= Problem to work on =
Only the lines from the one bearing "Includes tools and" through the end of the listing belong in your response, restated word for word and without pictures.

= Supplied information =
= = = = = = =

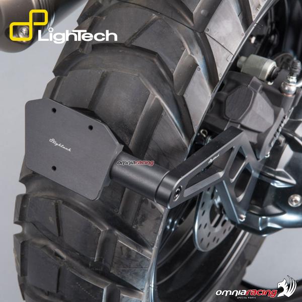 La sua regolabilità in diverse posizioni permette di personalizzare l'angolo e l'altezza del portatarga per adattarsi alle tue preferenze estetiche e alle esigenze di montaggio. Inoltre, il portatarga Lightech include una luce targa e un catadiottro montato con un angolo di 30°, garantendo la piena omologazione legale.
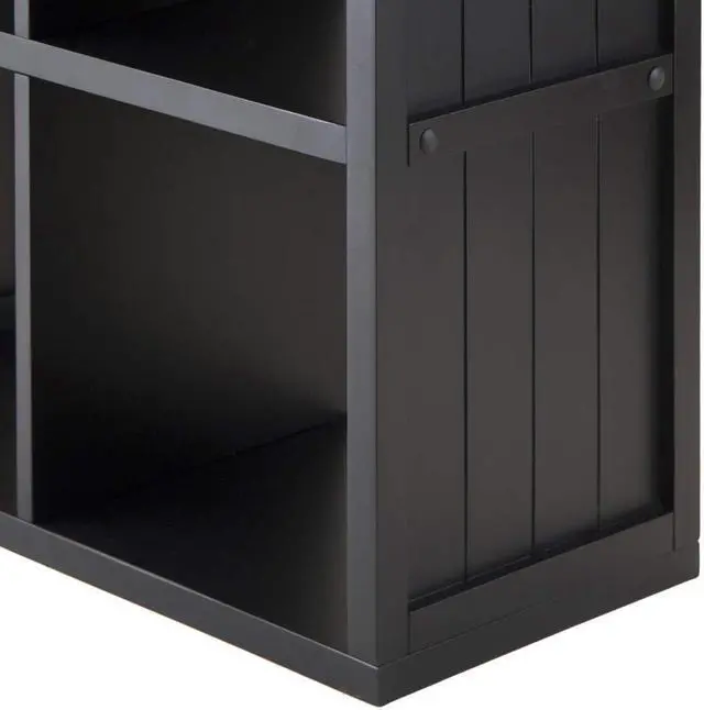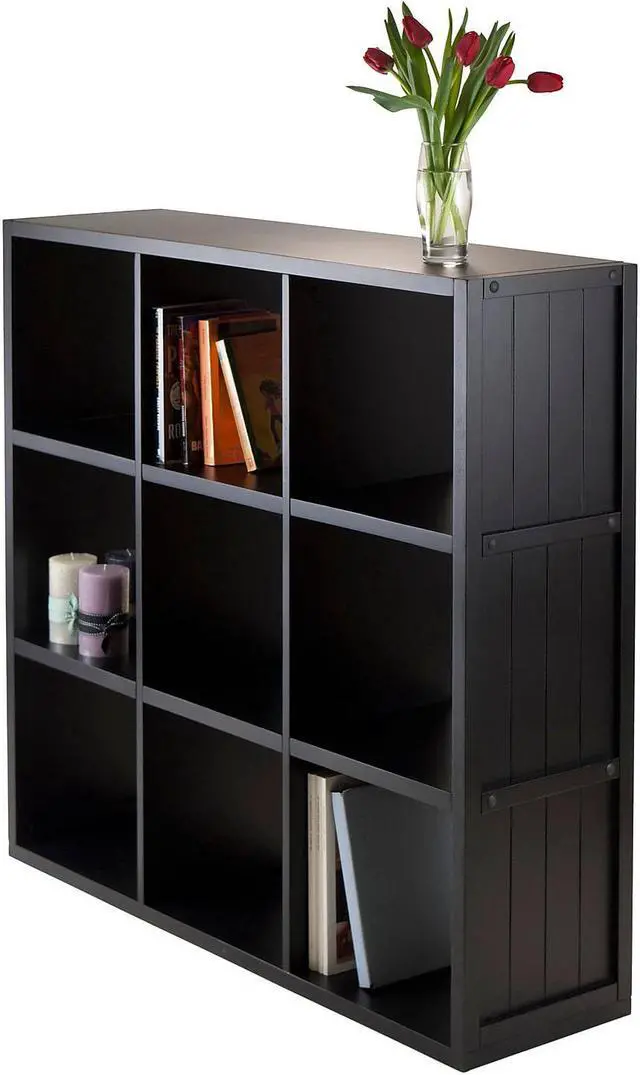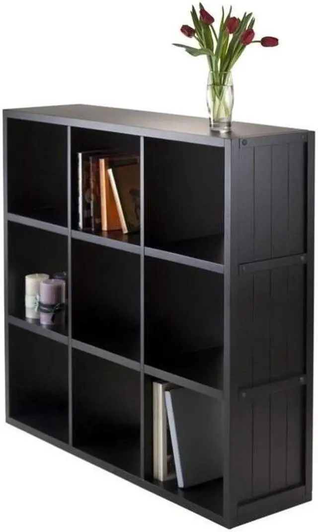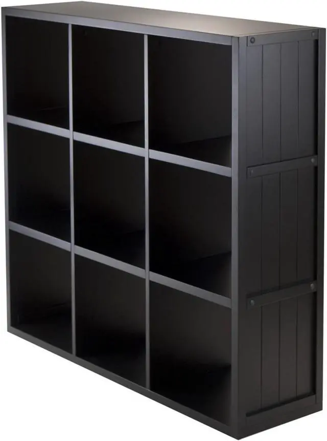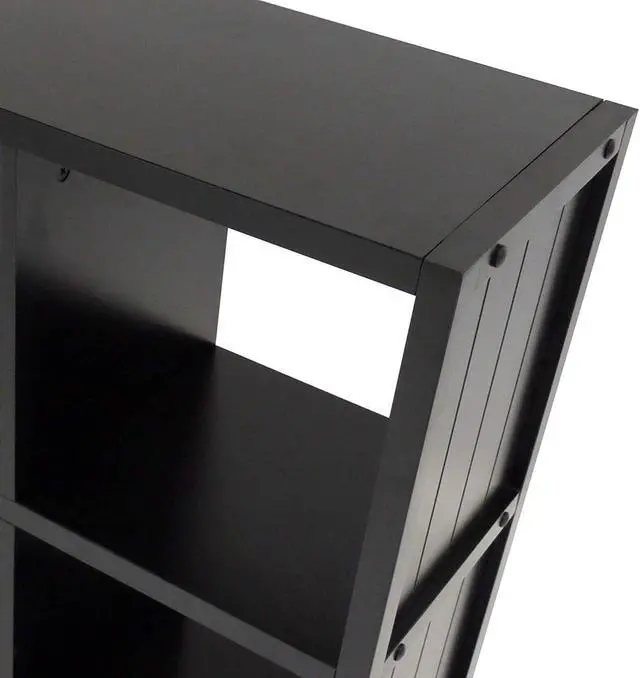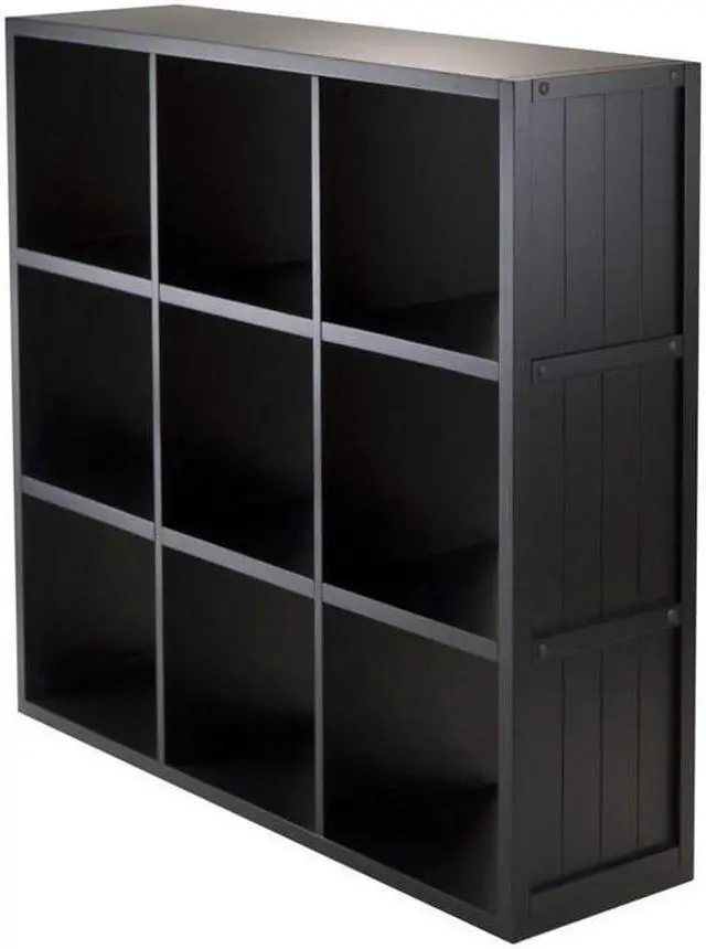 Includes tools and hardware. Three shelves. Nine cubes. Warranty: 60 days. Made from composite wood. Black finish. Assembly required. Cube: 12.05 in. W x 11.81 in. D x 11.54 in. H. Overall: 37.76 in. W x 11.81 in. D x 40.08 in. H (48 lbs.).
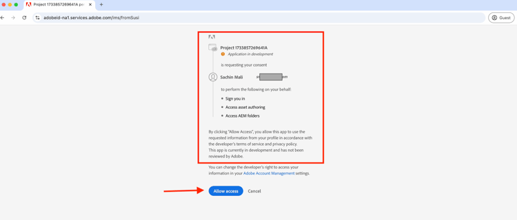 使用您的Adobe ID凭据登录,并提供允许WKND-PIM Web应用程序代表您访问Assets创作API的同意。

= = = = = = =

= Result for this exercise =
 Includes tools and hardware. Three shelves. Nine cubes. Warranty: 60 days. Made from composite wood. Black finish. Assembly required. Cube: 12.05 in. W x 11.81 in. D x 11.54 in. H. Overall: 37.76 in. W x 11.81 in. D x 40.08 in. H (48 lbs.).
 使用您的Adobe ID凭据登录,并提供允许WKND-PIM Web应用程序代表您访问Assets创作API的同意。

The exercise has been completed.